Do make sure your medications are safe.

Many of the medicines you’ve been using even to relieve headaches may not be safe for you to take while pregnant. Before you take anything, always talk to your obstetrician before starting any medications, herbs or supplements.


Don’t smoke.

If you’re a smoker, now is the best time to quit. Quitting will give your health a boost and protect the health of your baby.

People who smoke during pregnancy are more at risk of miscarriage. Babies born to those who smoked during pregnancy are at increased risk for birth defects, premature birth, low birth weight and infant death, greater risk for learning disabilities.

Don’t drink alcohol.

There is no amount of alcohol that is safe during pregnancy. Drinking alcohol while pregnant can cause problems for a developing baby at any stage. This includes the days and weeks before a person knows they’re pregnant. Drinking alcohol later in a pregnancy can lead to miscarriage, stillbirth and fetal alcohol spectrum disorders (FASDs). Children with FASDs may have:

  • Abnormal facial features
  • Poor coordination and memory
  • Difficulty with attention
  • Learning disabilities and difficulties in school
  • Speech and language delays
  • Lower IQs
  • Poor reasoning and judgment skills
  • Sleep and sucking problems as infants
  • Vision and hearing problems
  • Problems with the heart, kidney or bones

If someone drinks during pregnancy, it is never too late to stop.

Don’t eat raw meat.

Pregnant people who eat raw or undercooked meat and eggs are at risk of contracting listeriosis and toxoplasmosis. These can lead to serious and life-threatening illnesses and can cause severe birth defects and miscarriage.

Cook your meat and eggs thoroughly before eating.

Don’t visit the sauna.

Avoid the sauna and hot tub. There is a risk of overheating, dehydration and fainting every time you use a sauna, whirlpool, hot tub or steam room.

Don’t drink too much caffeine.

Caffeine can cross the placenta and affect your growing baby’s heart rate.

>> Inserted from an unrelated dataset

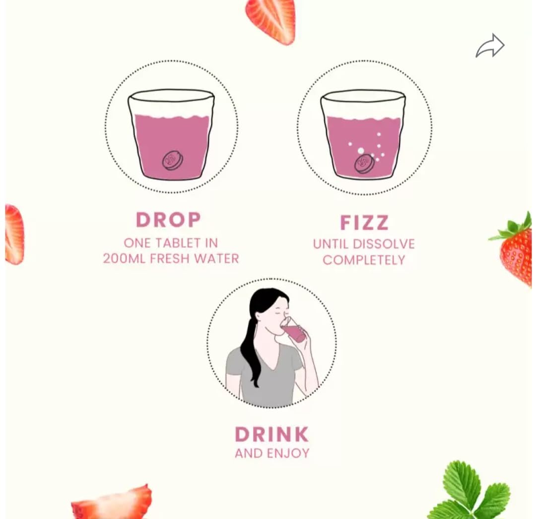 Glutathione 500mg & Vitamin C 500mg Strawberry Flavour Effervescent Tablets-Premium Skin Brightening, Antioxidant- 20 Tablets
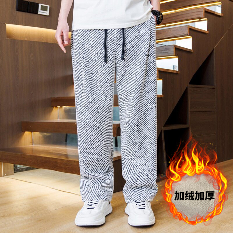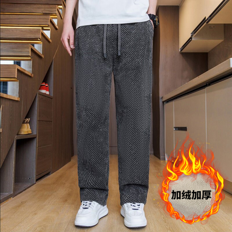 秋冬款雪尼尔潮流休闲长裤子男孩初中学生加绒卫裤青少年帅气大童

Some research suggest that some caffeine is OK in the first trimester – up to about 200 milligrams a day or about two cups of coffe

Don’t overeat.

When that happens, the baby is at greater risk of obesity later in life. You will need additional calories in the second and third trimesters, but doctors disagree about whether you need any extra calories in this first trimester.

Eat until you’re satisfied and then stop.

Take care of yourself. Be sure to eat healthy foods, drink lots of water and get enough sleep.”